Probability Density and Cumulative Distribution Functions

Working with continuous data requires a fundamental shift in thinking from counting discrete outcomes to measuring areas under curves. For any aspiring data scientist or statistician, mastering the probability density function (PDF) and the cumulative distribution function (CDF) is non-negotiable. These are the core mathematical tools that allow you to model, analyze, and make probabilistic predictions about everything from customer wait times to stock price fluctuations.

The Probability Density Function: Modeling Likelihood as Density

For a continuous random variable $X$ , you cannot ask for the probability that $X$ equals a specific value, like $P (X = 5.000...)$ . In a continuous space, this probability is effectively zero. Instead, we model likelihood using a probability density function (PDF), denoted $f_{X} (x)$ . The PDF is a function whose output represents density, not probability.

Think of density as similar to mass per unit volume. To find the actual mass (probability), you need to integrate the density over a volume (interval).
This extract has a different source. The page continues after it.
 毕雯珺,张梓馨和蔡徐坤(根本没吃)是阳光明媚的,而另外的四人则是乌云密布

This leads to the most critical rule: The probability that $X$ falls in an interval $[a, b]$ is the area under the PDF curve over that interval.
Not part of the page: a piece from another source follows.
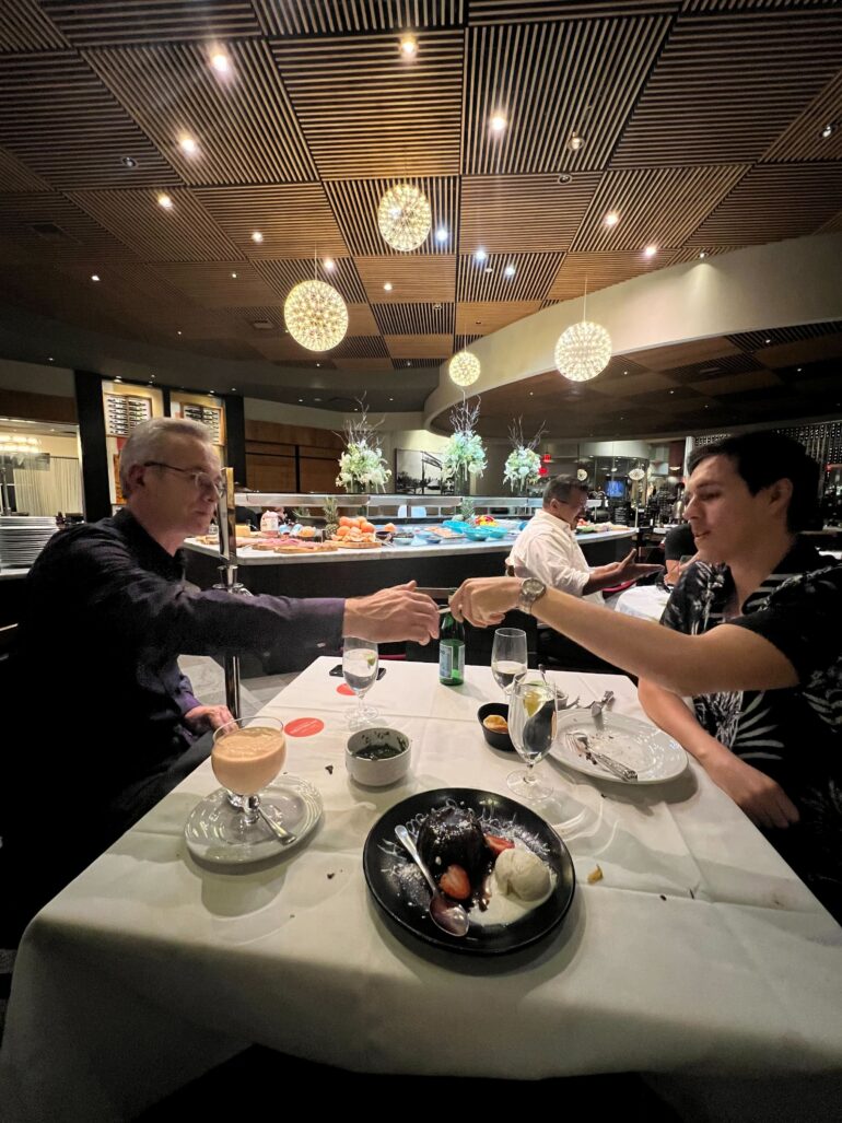 Jonny and Alejandro enjoying a well-earned feast before heading back to New York following a productive week at AAPS. Photo credit: Nancy Jin.

$P (a \leq X \leq b) = \int_{a}^{b} f_{X} (x) d x$

The PDF itself has two defining properties that stem from this area interpretation. First, it is non-negative everywhere: $f_{X} (x) \geq 0$ for all $x$ . A negative density would imply a negative probability, which is impossible. Second, the total area under the entire PDF curve must equal 1, representing the certainty that $X$ takes on some value: $\int_{- \infty}^{\infty} f_{X} (x) d x = 1$ .

For example, consider a random variable $T$ modeling the time (in hours) until a server fails, with a PDF given by $f_{T} (t) = 0.5 e^{- 0.5 t}$ for $t \geq 0$ . This is an exponential distribution. The probability the server fails between 1 and 3 hours is calculated as an area: $P (1 < T < 3) = \int_{1}^{3} 0.5 e^{- 0.5 t} d t = e^{- 0.5} - e^{- 1.5} \approx 0.383.$

The Cumulative Distribution Function: Accumulating Probability

While the PDF gives a "snapshot" of density, the cumulative distribution function (CDF) provides a running total of probability. Denoted $F_{X} (x)$ , the CDF is defined as the probability that the random variable $X$ is less than or equal to a specific value $x$ : $F_{X} (x) = P (X \leq x) .$

For a continuous variable, this is precisely the area under the PDF from negative infinity up to $x$ : $F_{X} (x) = \int_{- \infty}^{x} f_{X} (t) d t .$

The CDF is a powerful tool for probability calculations. To find $P (a < X \leq b)$ , you can simply subtract CDF values: $P (a < X \leq b) = F_{X} (b) - F_{X} (a) .$

The CDF has characteristic properties: it is a non-decreasing function that starts at 0 and approaches 1. Formally, $lim_{x \to - \infty} F_{X} (x) = 0$ and $lim_{x \to \infty} F_{X} (x) = 1$ . Furthermore, because $X$ is continuous, $P (X \leq x) = P (X < x)$ , so the CDF is a continuous function.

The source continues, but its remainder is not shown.